What Is the Normal Structure of the Aortic Arch?
Before getting into anomalies of the aorta, it is essential to understand its normal structure. The aorta originates from the heart's left ventricle (the bottom chamber of the heart that pumps oxygenated blood). The aorta arises from the heart (ascending aorta), curves over, and descends (descending aorta) into the chest. The artery also gives rise to several branches that supply blood to the heart and other organs. The aortic arch is the section present between the ascending and descending aorta. The structure of the aortic arch is normal in 75% of individuals, and the rest are likely to develop some changes that are considered normal variations. These variations are commonly seen in the branching of the aortic arch.
What Are Aortic Arch Anomalies?
Aortic arch anomalies are usually congenital (present at birth). These abnormalities occur during the development of the fetus. It can coexist with other structural defects in the heart. Patients can be symptomatic or asymptomatic. The anomalies can be broadly classified based on the structural characteristics:
A. Normal Variations in the Aortic Arch - Bovine arch occurs in 10 to 20 % of the population. The defect lies in branching, where three arteries originate from a single trunk. Other anomalies include variations in the vertebral artery (a major blood vessel in the neck), the presence of aberrant right subclavian artery (arteries below the collar bone), etc.
B. Right Aortic Arch - The aortic arch normally transverses over the left bronchus. This occurs in 0.01 to 0.1 % of the population. In this case, the aortic arch transverses over the right bronchus. It does not cause cardiovascular effects unless it is associated with other heart defects.
C. Double Aortic Arch - The aorta splits into several branches during the aortic arch development. Some of these branches disappear, but sometimes they can be retained. The normal aortic arch is made of one aortic vessel, but here aorta is made of two vessels. Arteries arising from these two aortas go around and compress the windpipe and food pipe. This condition is very rare and affects both males and females equally.
D. Cervical Aortic Arch - A high-lying aortic arch characterizes this anomaly. It is abnormally so high that the aortic arch reaches the level of the collar bones (clavicles). This gives the appearance of a neck mass.
E. Hypoplastic or Interrupted Aortic Arch - The aortic arch is said to be hypoplastic when there is a blockage in the aorta. In this case, a smaller portion of the aorta is constricted, blocking the easy flow of the blood. The constricted site has a smaller diameter compared to the normal aortic arch.

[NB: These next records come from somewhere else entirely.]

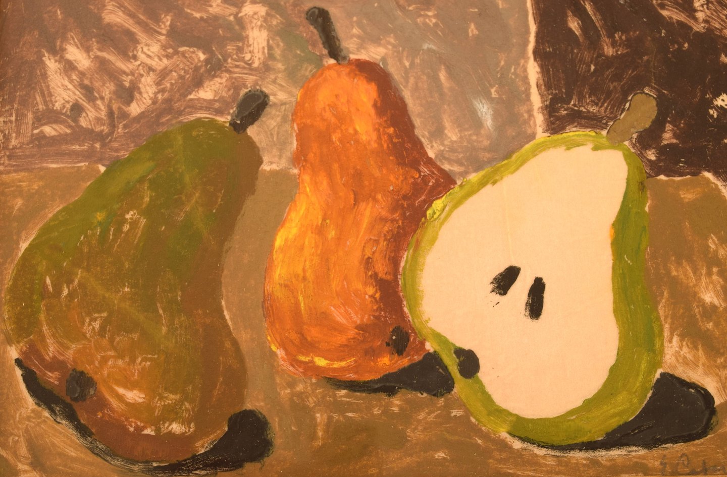 ERIC CEDERBERG, listed Swedish artist. Still life with pears. Gouache on cardboard. Signed. Measures: 25 x 16 cm. The frame measures 5.5 cm. In perfect condition.
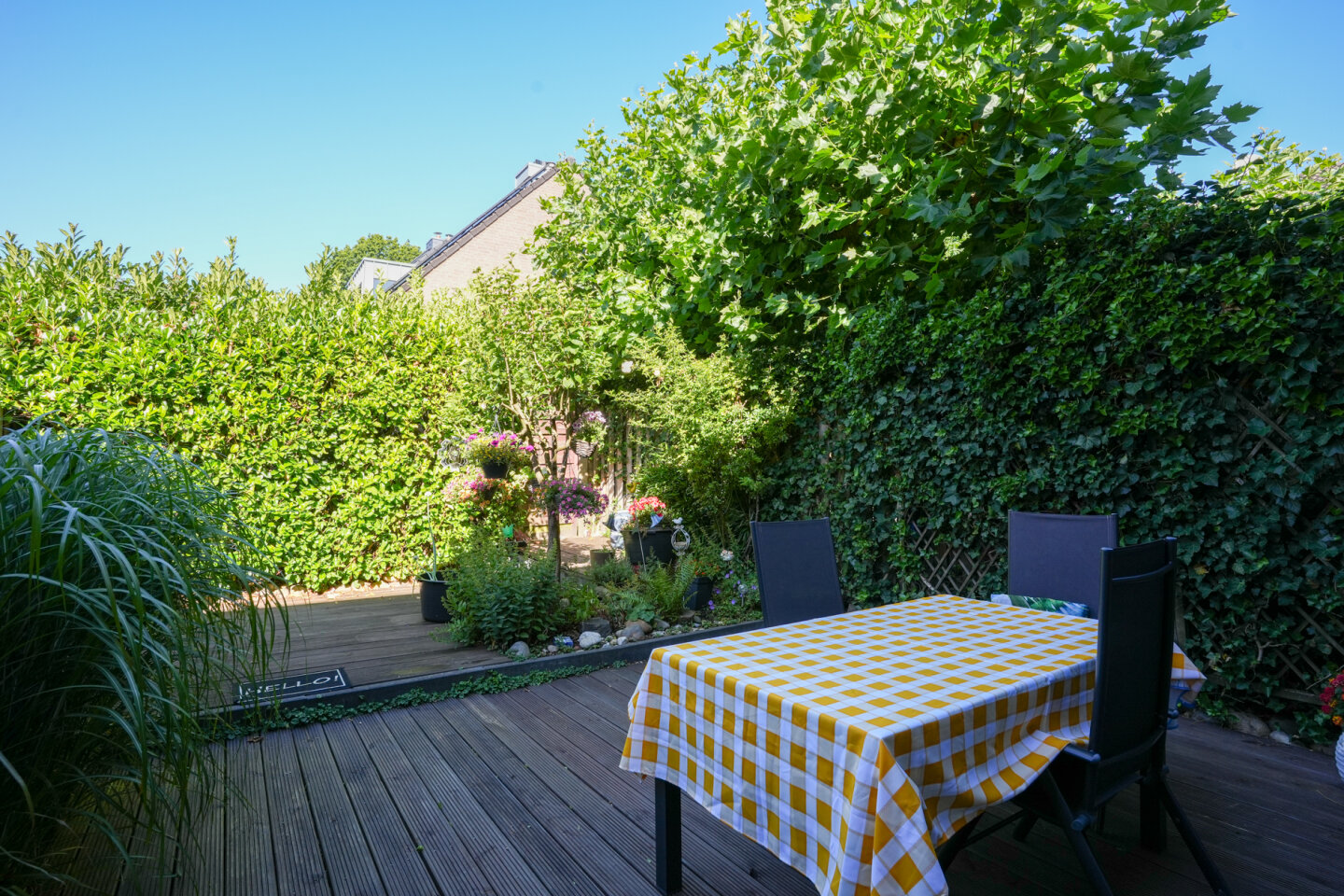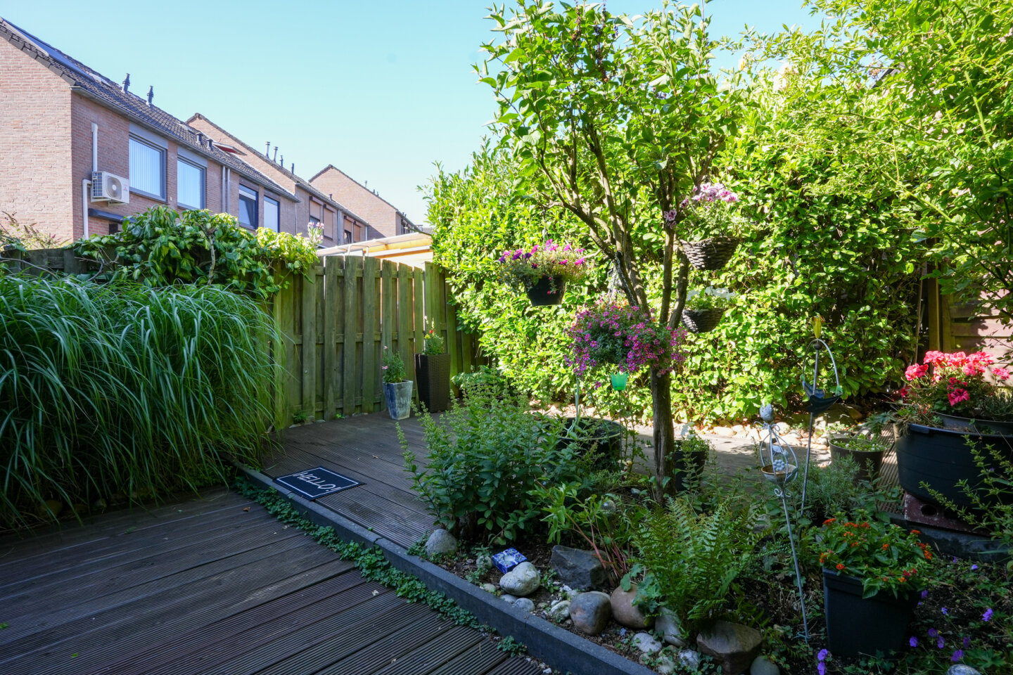 Fraaie achtertuin gelegen op het Westen met een achteruitgang. Diverse beplanting en een terras met zonneluifel zorgen voor een sfeervolle tuin.
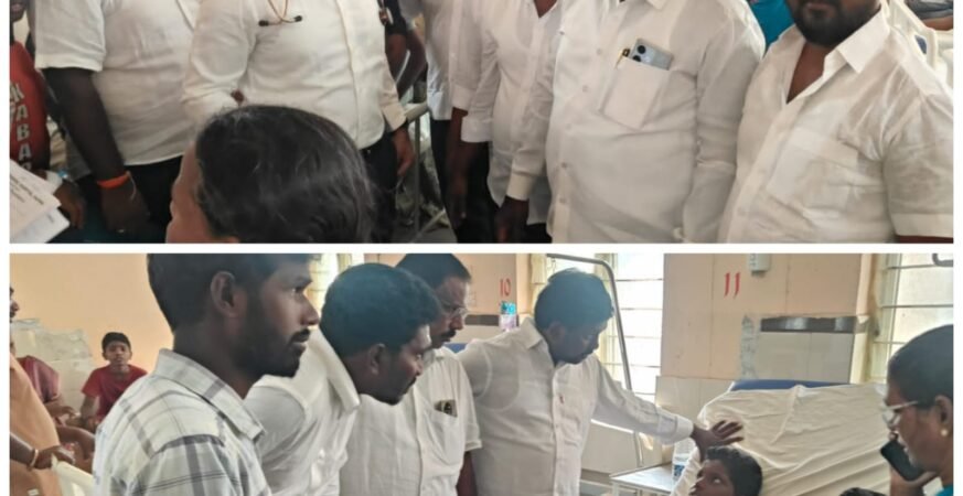 జోగులాంబ గద్వాల్ నవంబర్ 01( పున్నమి ప్రతినిధి) జోగులాంబ గద్వాల జిల్లా అలంపూర్ తాలూకా ధర్మవరం బీసీ హాస్టల్ విద్యార్థులు ఫుడ్ పాయిజాన్ కారణం గా అశ్వస్థ గురై దాదాపు గా 58 మంది విద్యార్థులు గద్వాల ప్రభుత్వ హాస్పటల్ నందు చికిత్సపొందుదుతున్నా విషయం తెలుసుకొని.. గౌరవ మంద కృష్ణ మాదిగ గారి సైన్యం. MRPS జోగులాంబ గద్వాల జిల్లా ప్రధాన నాయకత్వం హాస్పిటల్ కు చేరుకుని బాధితుల ను పరామర్శించటం జరిగింది *అలాగే వారి ఆరోగ్య పరిస్థితి గురించి డ్యూటీ డాక్టర్స్ తో మాట్లాడి వారికి మెరుగైన వైద్యం అందించాలని కోరారు. అనంతరం… MRPS జిల్లా మాజీ అధ్యక్షులు, MSP జిల్లా కన్వీనర్ ఐజ రాజు మాదిగ, గద్వాల అశోక్ మాదిగ మాట్లాడుతూ… జిల్లా లో సంక్షేమ హాస్టల్స్ విద్యార్థుల కు…రోజు, రోజు కు రక్షణ లేకుండా పోతుంది. జిల్లా అధికారుల పర్యవేక్షణ లేక పోవడం హాస్టల్ వార్డెన్స్ బాధ్యత రహితంగా వ్యవారిస్తున్నారు దీనితో సంక్షేమ హాస్టల్స్ పూర్తిగా నిర్లక్షానికి గురవుతున్నాయ్. కొన్ని హాస్టల్స్ లో వంట వారిదే పెత్త నం సాగుతూ. ఇలాంటి నిర్లక్ష్యం గా వంటలు చేస్తూ పిల్లల ప్రాణాలతో చాలగటం ఆడుతున్నారు కావున జిల్లా కలెక్టర్ గారు ఈ సంఘటన పై పూర్తి స్థాయి లో విచారణ జరిపంచి బాద్యులైన వారి పై తగు చర్యలు తీసుకోవాని డిమాండ్ చేశారు. ఈ కార్యక్రమం లో జిల్లా MRPS మాజీ ప్రధాన కార్యదర్శి మోషే మాదిగ, జిల్లా కొ… కన్వినర్ గద్వాల పర్శరామ్ మాదిగ, కన్నా మాదిగ, మాజీ ఎంపీటీసీ ఎల్లప్ప మాదిగ, రంజిత్ కుమార్ మాదిగ తదితరులు పాల్గొన్నారు.
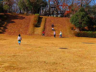 午後は、アスレチック遊びや鬼ごっこ、草滑りなど、豊かな自然の中で元気いっぱい走り回りながら遊びました。落ち葉が沢山落ちていて、葉っぱ合戦や葉っぱに埋もれる等、あちこちで楽しそうな顔がたくさん見られました。
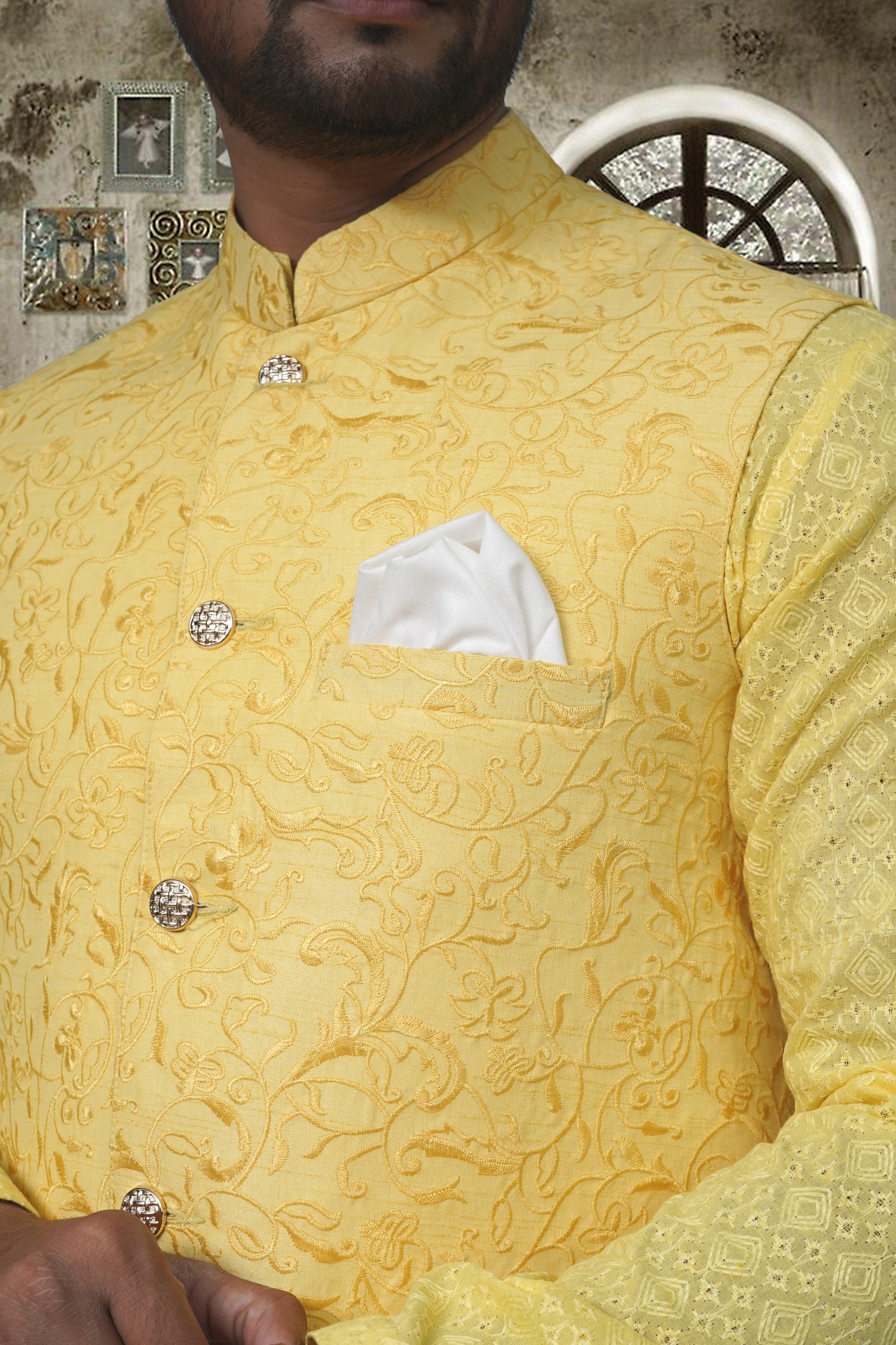 Radiate festive charm with our Embroidered Yellow Waistcoat, crafted from premium fabric and detailed with fine traditional embroidery. The vibrant yellow hue embodies joy and celebration, making it the perfect choice for Mehndi and Mayo occasions. Designed for the modern man who values heritage with style, this waistcoat adds a touch of refined elegance to every festive ensemble.
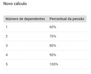 Com a reforma, o pagamento será de 50% do benefício, mais 10% por dependente, até o limite de 100%. A viúva é considerada uma dependente. Se ela não tiver filhos menores, receberá 60% da aposentadoria do marido
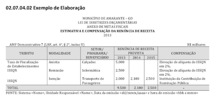O Demonstrativo identifica os tributos para os quais estão previstos renúncias de receita, destacando-se a modalidade da renúncia (anistia, remissão, subsídio, crédito presumido, etc), os setores/programas/beneficiários a serem favorecidos, a previsão da renúncia para o ano de referência da LDO e para os dois exercícios seguintes, e as medidas de compensação pela perda prevista de receita com a renúncia.” (Pág 136 do MANUAL DE DEMONSTRATIVOS FISCAIS – ANEXO DE METAS FISCAIS 11ª edição)
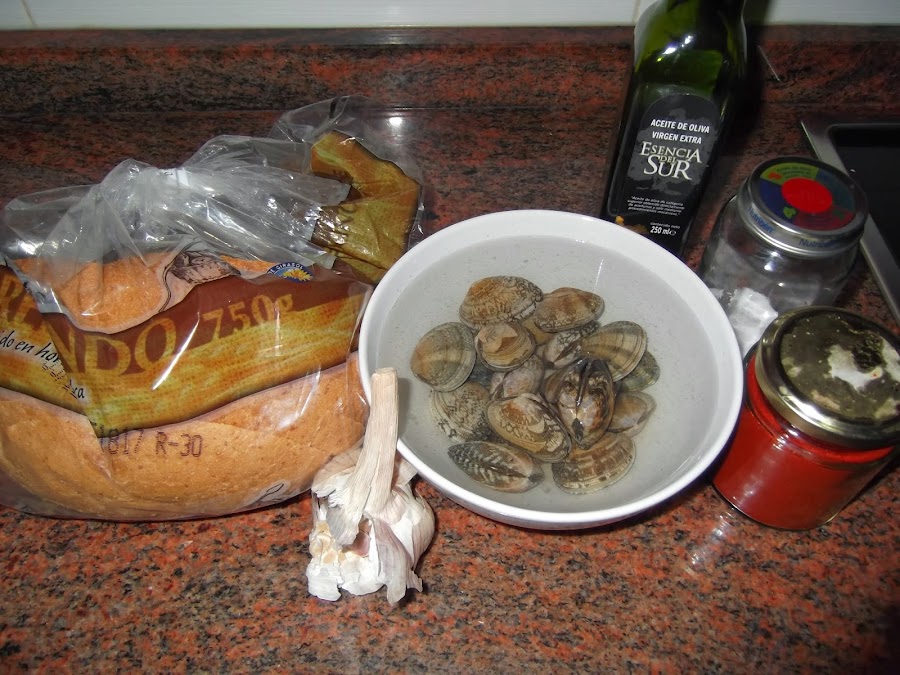 Lo primero que hacemos es poner las almejas en agua durante un par de horas y cambiarles varias veces el agua para retirarles toda la arena.
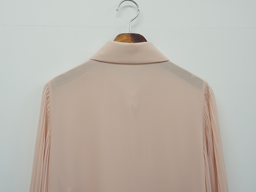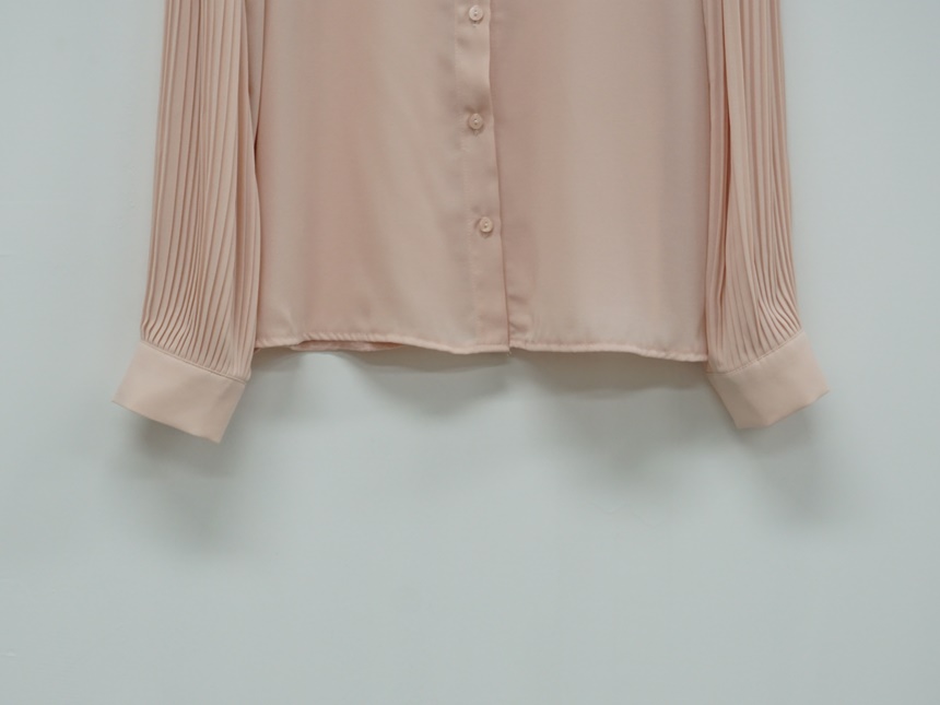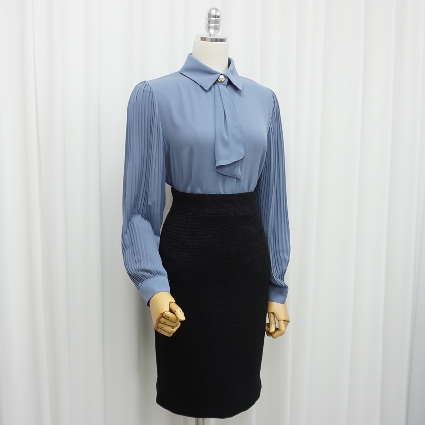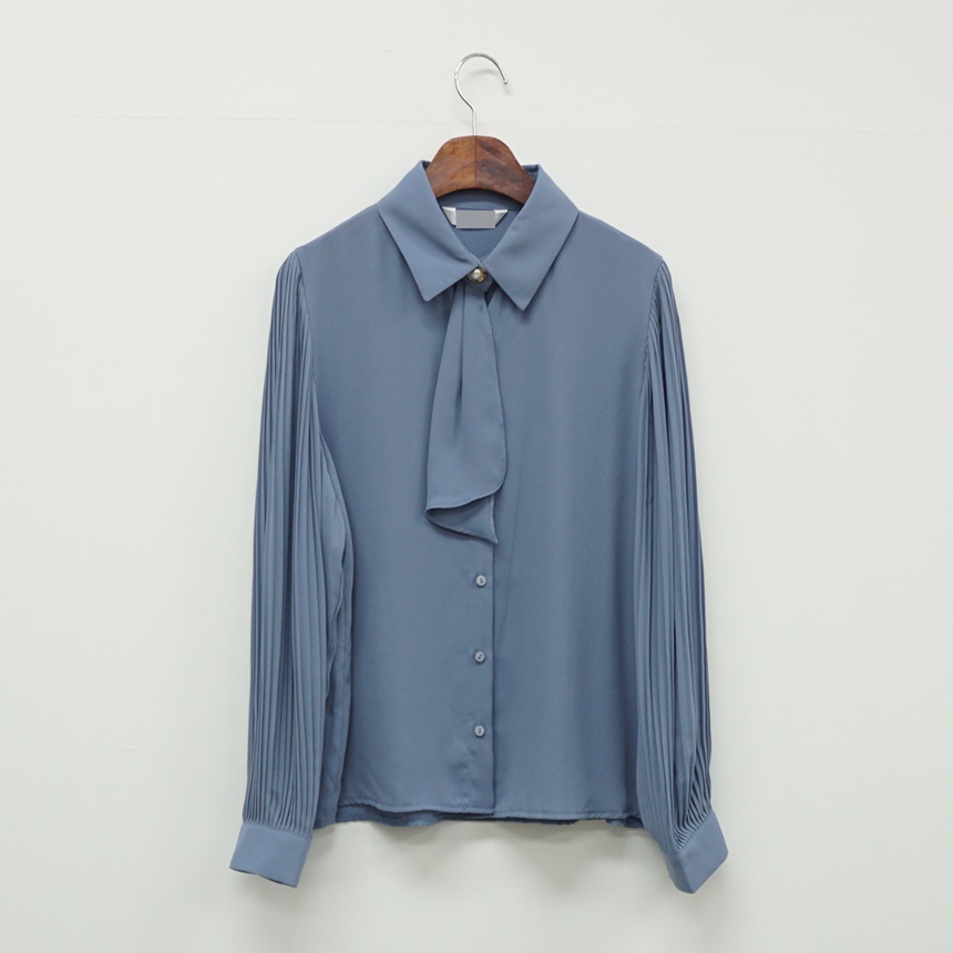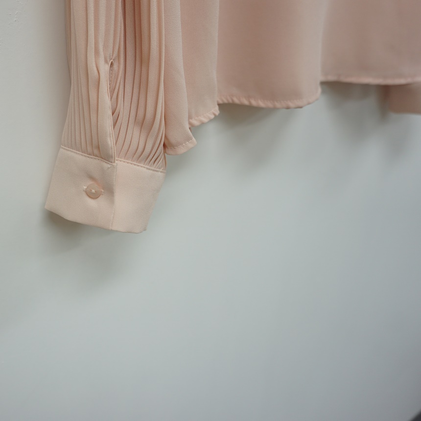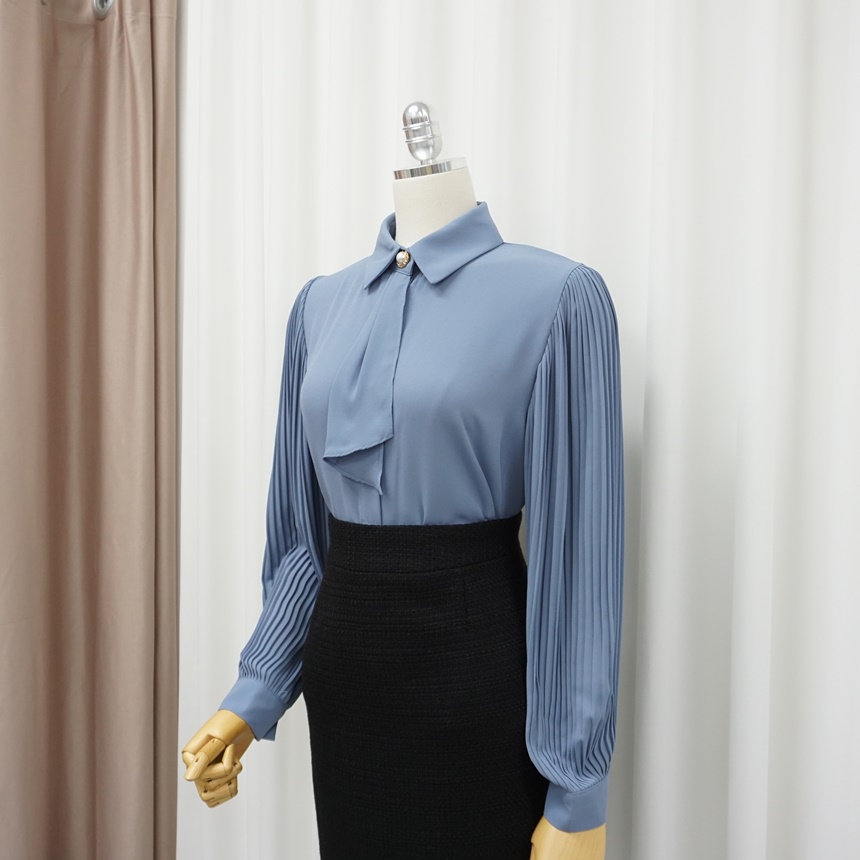 우아한 진주버튼 카라넥 소매 주름 쉬폰 블라우스

F. Coarctation of the Aortic Arch - This condition is similar to the hypoplastic aortic arch, but a larger portion of the aortic is involved in this case. Constriction or narrowing of the aortic can be observed, and it may cause hemodynamic changes.
G. Persistent Fifth Aortic Arch - It is a rare anomaly usually associated with aortic arch coarctation or interruptions.
What Causes Aortic Arch Anomalies?
The reasons for the occurrence of aortic arch abnormalities can be attributed to the two main factors:
A. Genetic Factors - The role of genetics is demonstrated by the occurrence of aortic arch anomalies in familial forms. It also occurs in several chromosomal abnormalities like Trisomy 13, 15, 18, and 21. Syndromes associated with these chromosomal abnormalities are Down syndrome, DiGeorge syndrome, Turner syndrome, etc.
B. Environmental Factors - Maternal factors like infections during pregnancy, congenital rubella infection, exposure to teratogens (substances that cause fetal abnormalities). But in a majority of cases, the environmental cause is not apparent.
What Are the Symptoms of Aortic Arch Abnormalities?
The anomalies seen as normal variations are considered clinically insignificant. Other major structural defects can be symptomatic or asymptomatic. Symptoms are apparent if the abnormalities are associated with other congenital heart defects. Commonly experienced symptoms include;
2. Chest pain.
3. Difficulty in breathing.
4. Wheezing.
5. Weakness.
How Are Aortic Arch Anomalies Diagnosed?
The diagnosis is made with the help of advanced imaging techniques.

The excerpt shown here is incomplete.